Uhh...
N...well, yes, I guess, definitely?
You have precisely such a relay -- just connect your insanely expensive DC load in series with the desired load, program it to ramp from 30 to 0V in 1s, and there you have it!

As a lone component, you are expecting something to be able to dissipate up to three kilowatts for a whole second. A quick perusal of available devices says no. Very few semiconductor devices handle that much power at all; among them, none do it continuously, or down to an arbitrarily low "on" voltage (e.g., industrial IGBT modules). Such a unit must use multiple devices in parallel, with a control circuit to stabilize and equalize the power between them. (A typical e.g. TO-247 sized power transistor will be able to handle maybe 100-300W each over this time frame, so expect to need 10 or more. Or there are other configurations that can use fewer transistors and a cheaper power dissipator (like a dumb resistor), but at expense to e.g. speed or emitted noise.)

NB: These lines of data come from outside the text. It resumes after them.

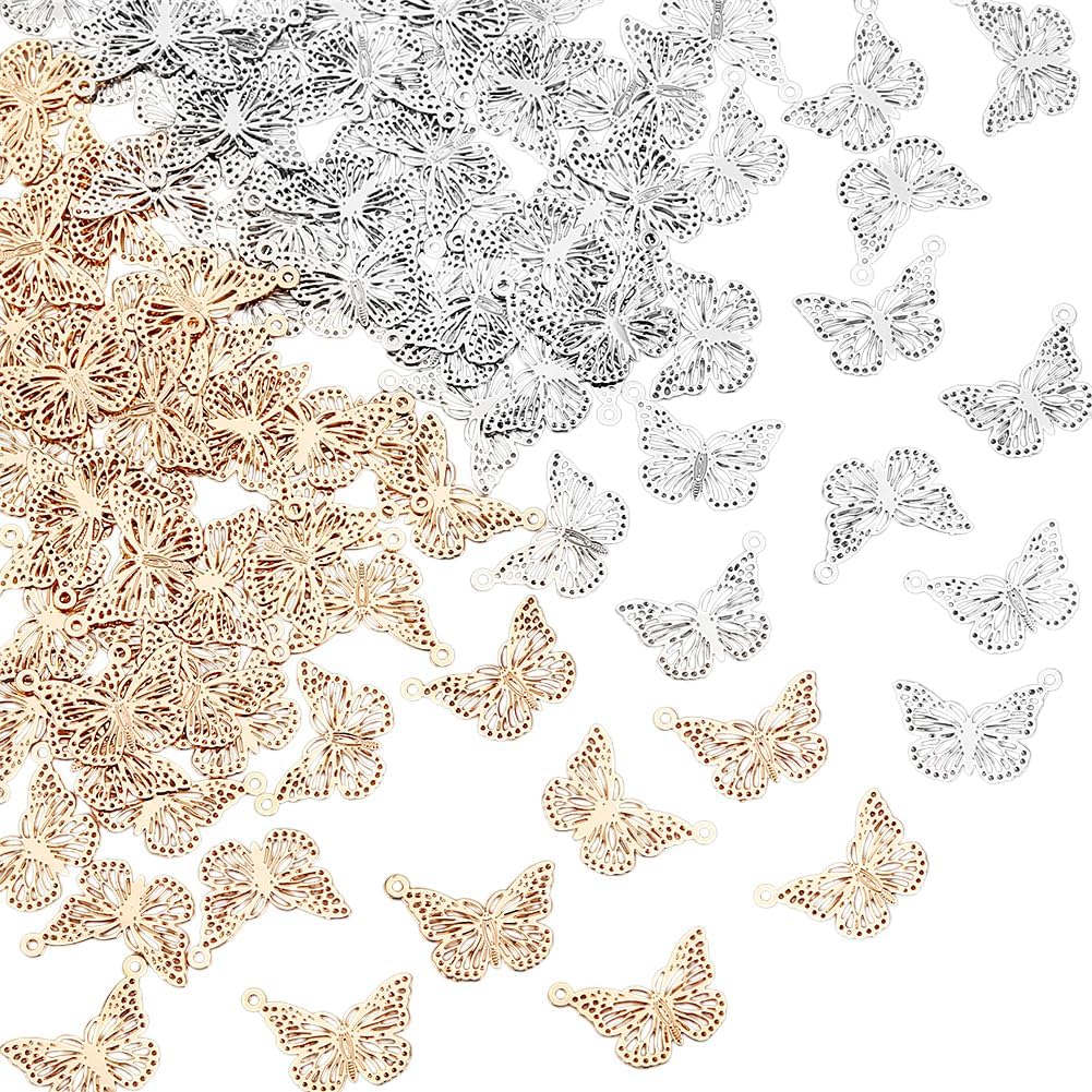 UNICRAFTALE about 100Pcs 2 Colros Butterfly Pendants Hollow Animal Charms Metal 10.5mm Dangle Charms Vintage Hang Ornaments for Jewelry Making Bracelet Choker Necklace Earring
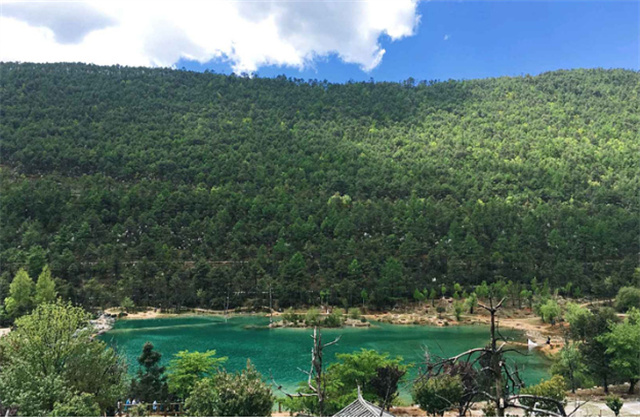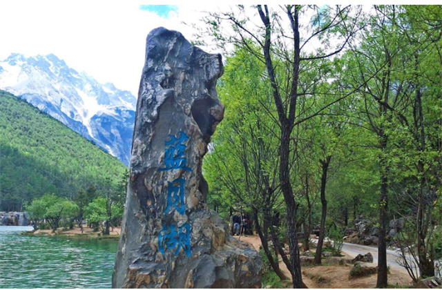 在晴天時,水的顏色是藍色的,而且山谷呈月牙形,遠看就像一輪藍色的月亮鑲嵌在玉龍雪山腳下,所以名叫藍月谷。
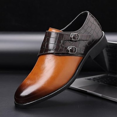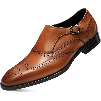 Men ’s Dress Shoes Genuine Leather Monk Strap Wingtip Formal Shoes Slip-On Loafer

Perhaps it doesn't need to be as precise, or fully-featured, as your load is. Perhaps a cheaper model, of similar overall capability, would suffice? I guess I don't get it; you're testing "a" power supply, and you already have the load -- what's the problem? Is it rented and you'll be testing for a while? Are there multiple supplies being tested, in production perhaps? What's the test budget? Etc.
You could make your own perhaps, but the design time spent for a one-off, won't be cheaper than your off-the-shelf unit, at least if you just need a few. And it won't be as well characterized and calibrated as the commercial unit is.